On Tue, Nov 13, 2012 at 3:41 PM, Taha Yasseri taha.yaseri@gmail.com wrote:
Hi Asaf, Back to your original question, Isn't "google rank" a user dependent parameter? I think depending on the history of clicks and other personalized preferences, how Google presents the results changes from user to user. So the term of "being first or second or ..." google hit sounds something symbolic and non measurable and generalizable to me.
Is it? That hasn't always been true, but I guess it is likely true today. So I guess generalizing from traffic-from-Google does make more sense... I wonder how much it varies for factual queries though, for instance if you are looking up something scientific or that isn't likely to be for sale. (we should run an informal test to see if people on this list get different results!)
Haitham: thanks for the info, though isn't 23% way way too low? I thought our rule of thumb was that 70-80% of the traffic comes from google searches.
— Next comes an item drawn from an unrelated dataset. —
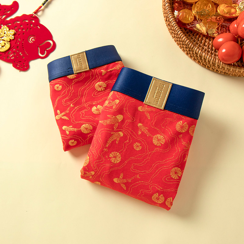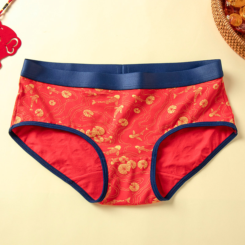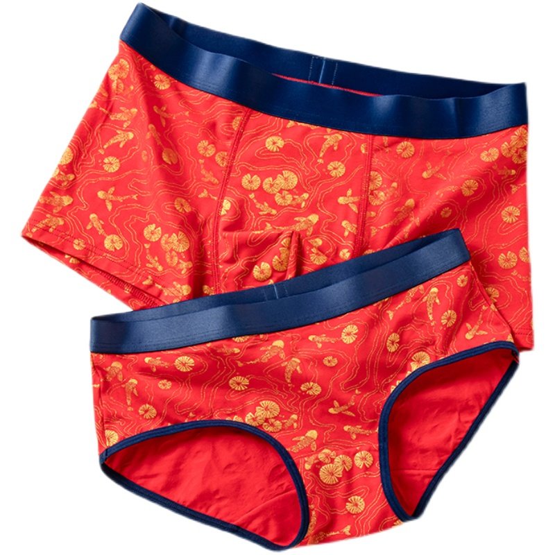 This Life Year Big Red Wedding Wedding Happy Couple's Underwear Modale Pure Cotton New Year Cheerleading Red Male And Female Pants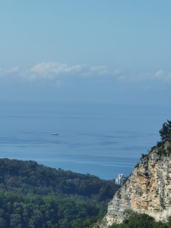 Поднявшись к первой видовке, увидели ущелье, немного ближайших гор, голые отвесные белые скалы

I'm not sure of the exact number offhand, but I would be very surprised if it was only 23%.
Anyway, I think my original question is a useful one lots of fields/applications, though my immediate interest is for the library literature, which has a habit of breaking down or differentiating "people who start their search with google" and "people who start their search with Wikipedia". I'd like to argue that this is essentially the same thing in many (most) cases, since so many google searches result in Wikipedia results front and center, and we know from lots of other work (SEO and HCI alike) that people rarely go beyond the first few results.